» **Work to be completed**:
For this exercise, write each entry below out precisely and omit the pictures.

[Opening Material for this task section]

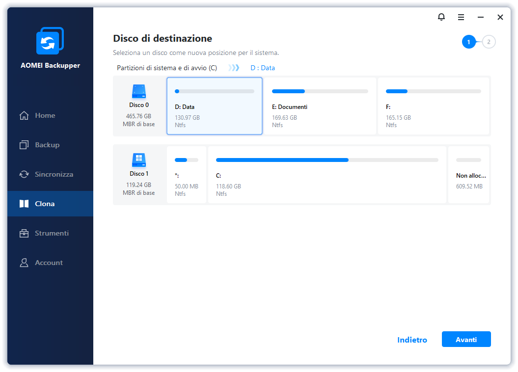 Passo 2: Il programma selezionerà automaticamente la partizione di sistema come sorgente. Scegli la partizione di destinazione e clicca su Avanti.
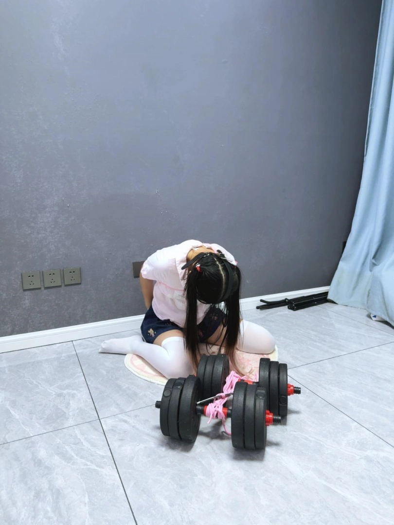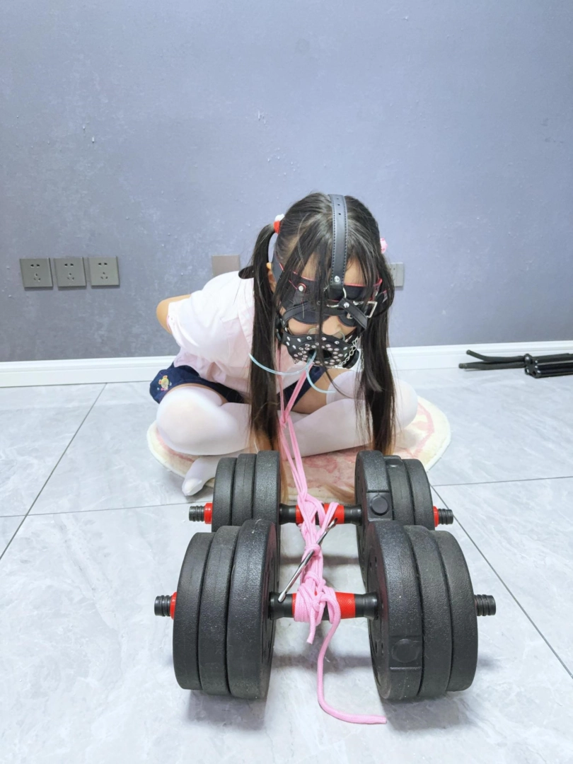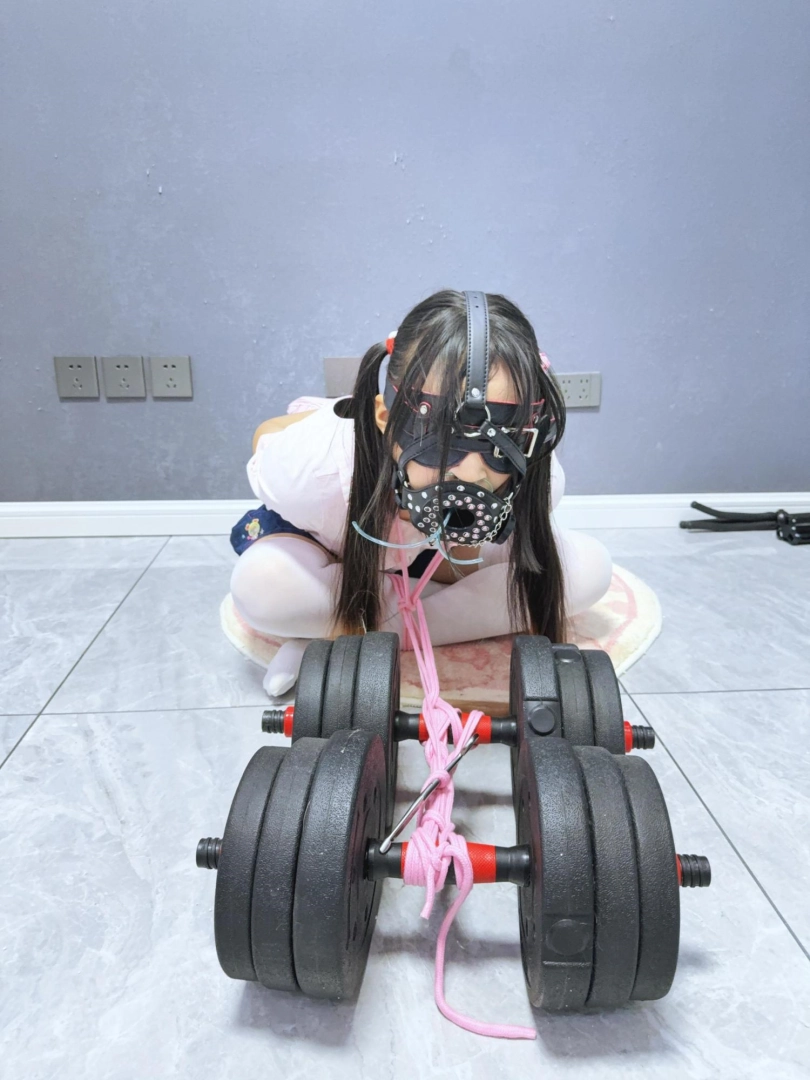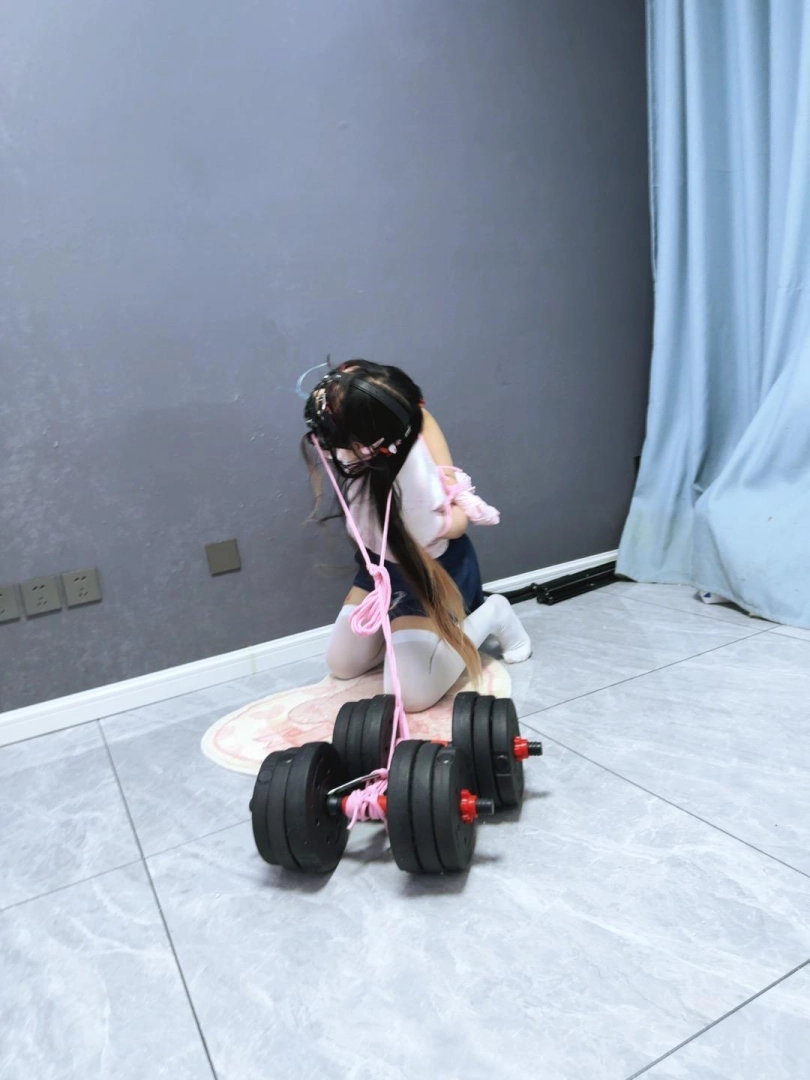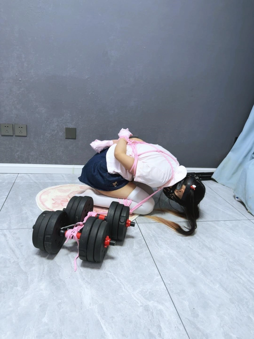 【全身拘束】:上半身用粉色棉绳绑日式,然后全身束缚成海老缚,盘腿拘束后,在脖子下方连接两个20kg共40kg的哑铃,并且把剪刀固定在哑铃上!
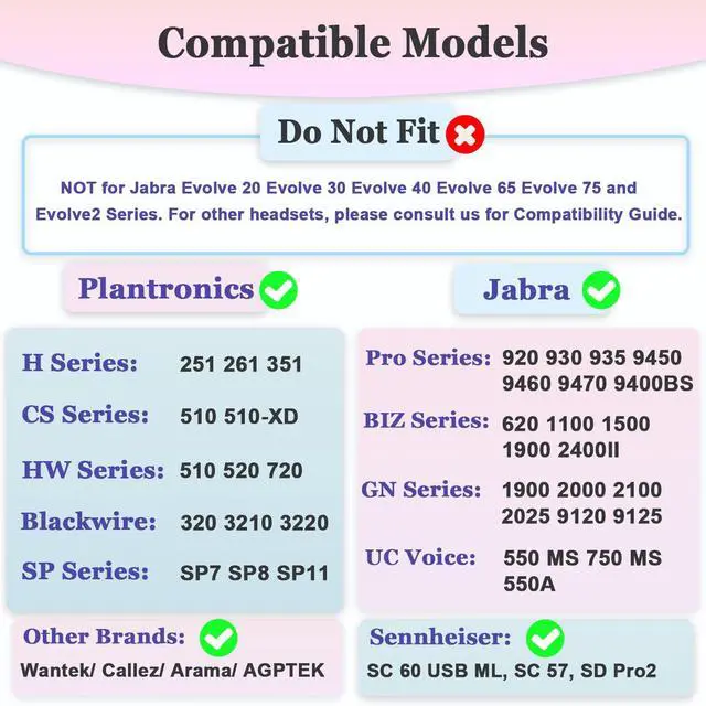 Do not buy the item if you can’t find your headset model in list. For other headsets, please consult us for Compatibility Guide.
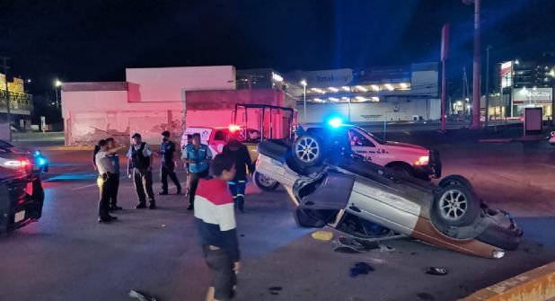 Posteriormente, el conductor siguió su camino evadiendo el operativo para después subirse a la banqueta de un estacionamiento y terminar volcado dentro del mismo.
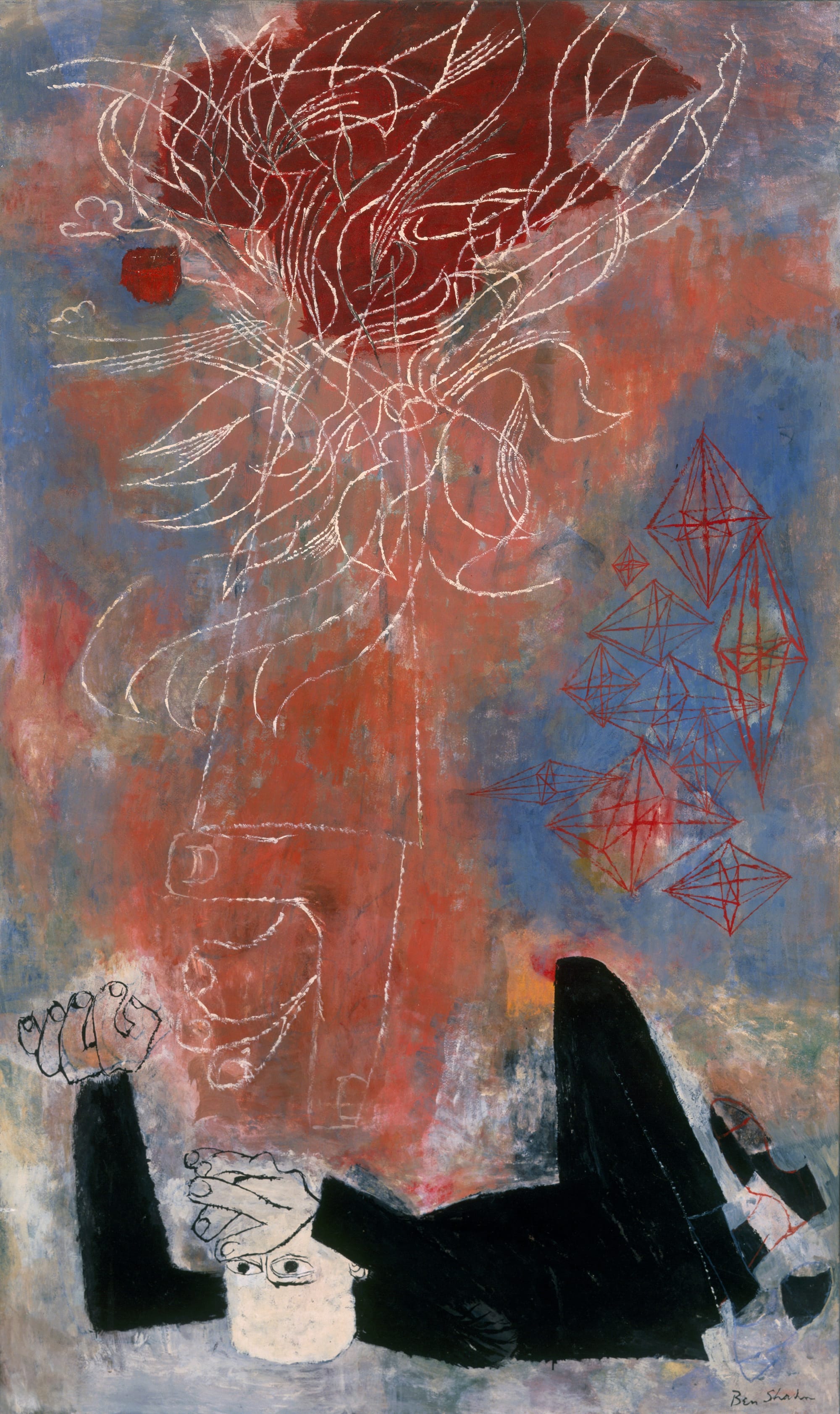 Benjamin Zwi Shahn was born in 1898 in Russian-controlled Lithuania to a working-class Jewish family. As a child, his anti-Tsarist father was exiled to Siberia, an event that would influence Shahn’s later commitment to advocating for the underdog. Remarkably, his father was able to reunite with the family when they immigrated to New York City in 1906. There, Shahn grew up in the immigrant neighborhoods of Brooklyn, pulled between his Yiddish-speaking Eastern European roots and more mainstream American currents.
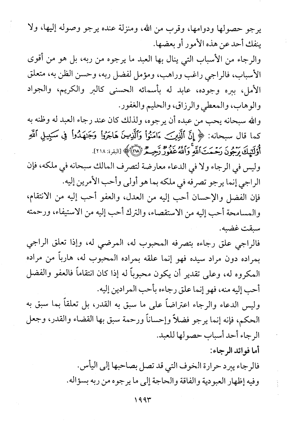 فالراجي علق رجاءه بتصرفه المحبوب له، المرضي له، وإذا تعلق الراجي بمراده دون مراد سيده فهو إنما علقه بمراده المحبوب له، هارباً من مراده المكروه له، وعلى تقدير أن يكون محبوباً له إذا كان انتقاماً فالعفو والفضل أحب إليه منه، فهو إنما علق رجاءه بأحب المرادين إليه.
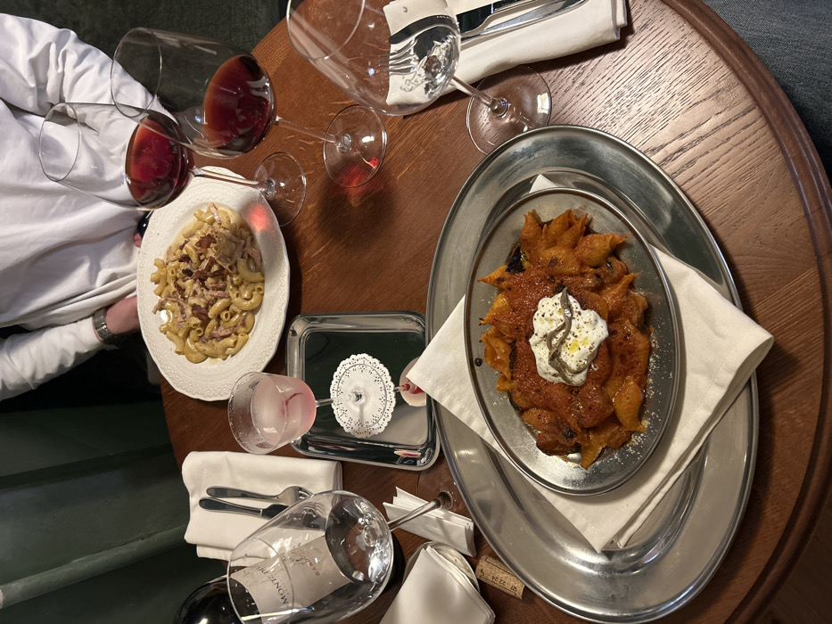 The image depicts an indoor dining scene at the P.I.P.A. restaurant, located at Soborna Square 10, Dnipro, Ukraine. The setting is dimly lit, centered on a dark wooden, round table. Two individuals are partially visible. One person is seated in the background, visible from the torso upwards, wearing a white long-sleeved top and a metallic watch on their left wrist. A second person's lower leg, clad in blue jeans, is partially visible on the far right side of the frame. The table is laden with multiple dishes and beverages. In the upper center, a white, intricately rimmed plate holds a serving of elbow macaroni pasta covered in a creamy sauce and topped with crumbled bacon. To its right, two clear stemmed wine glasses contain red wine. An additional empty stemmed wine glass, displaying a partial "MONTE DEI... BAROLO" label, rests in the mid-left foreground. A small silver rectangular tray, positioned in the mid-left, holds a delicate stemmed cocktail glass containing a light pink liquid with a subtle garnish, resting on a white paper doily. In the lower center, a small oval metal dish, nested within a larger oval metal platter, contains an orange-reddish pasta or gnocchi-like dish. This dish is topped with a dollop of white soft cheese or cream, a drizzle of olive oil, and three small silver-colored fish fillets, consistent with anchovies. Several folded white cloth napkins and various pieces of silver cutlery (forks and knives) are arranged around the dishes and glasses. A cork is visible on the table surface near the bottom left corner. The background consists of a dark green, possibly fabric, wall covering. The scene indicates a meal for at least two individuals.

[Closing Material for this task section]

» **Written reply**:
 Passo 2: Il programma selezionerà automaticamente la partizione di sistema come sorgente. Scegli la partizione di destinazione e clicca su Avanti.
 【全身拘束】:上半身用粉色棉绳绑日式,然后全身束缚成海老缚,盘腿拘束后,在脖子下方连接两个20kg共40kg的哑铃,并且把剪刀固定在哑铃上!
 Do not buy the item if you can’t find your headset model in list. For other headsets, please consult us for Compatibility Guide.
 Posteriormente, el conductor siguió su camino evadiendo el operativo para después subirse a la banqueta de un estacionamiento y terminar volcado dentro del mismo.
 Benjamin Zwi Shahn was born in 1898 in Russian-controlled Lithuania to a working-class Jewish family. As a child, his anti-Tsarist father was exiled to Siberia, an event that would influence Shahn’s later commitment to advocating for the underdog. Remarkably, his father was able to reunite with the family when they immigrated to New York City in 1906. There, Shahn grew up in the immigrant neighborhoods of Brooklyn, pulled between his Yiddish-speaking Eastern European roots and more mainstream American currents.
 فالراجي علق رجاءه بتصرفه المحبوب له، المرضي له، وإذا تعلق الراجي بمراده دون مراد سيده فهو إنما علقه بمراده المحبوب له، هارباً من مراده المكروه له، وعلى تقدير أن يكون محبوباً له إذا كان انتقاماً فالعفو والفضل أحب إليه منه، فهو إنما علق رجاءه بأحب المرادين إليه.
 The image depicts an indoor dining scene at the P.I.P.A. restaurant, located at Soborna Square 10, Dnipro, Ukraine. The setting is dimly lit, centered on a dark wooden, round table. Two individuals are partially visible. One person is seated in the background, visible from the torso upwards, wearing a white long-sleeved top and a metallic watch on their left wrist. A second person's lower leg, clad in blue jeans, is partially visible on the far right side of the frame. The table is laden with multiple dishes and beverages. In the upper center, a white, intricately rimmed plate holds a serving of elbow macaroni pasta covered in a creamy sauce and topped with crumbled bacon. To its right, two clear stemmed wine glasses contain red wine. An additional empty stemmed wine glass, displaying a partial "MONTE DEI... BAROLO" label, rests in the mid-left foreground. A small silver rectangular tray, positioned in the mid-left, holds a delicate stemmed cocktail glass containing a light pink liquid with a subtle garnish, resting on a white paper doily. In the lower center, a small oval metal dish, nested within a larger oval metal platter, contains an orange-reddish pasta or gnocchi-like dish. This dish is topped with a dollop of white soft cheese or cream, a drizzle of olive oil, and three small silver-colored fish fillets, consistent with anchovies. Several folded white cloth napkins and various pieces of silver cutlery (forks and knives) are arranged around the dishes and glasses. A cork is visible on the table surface near the bottom left corner. The background consists of a dark green, possibly fabric, wall covering. The scene indicates a meal for at least two individuals.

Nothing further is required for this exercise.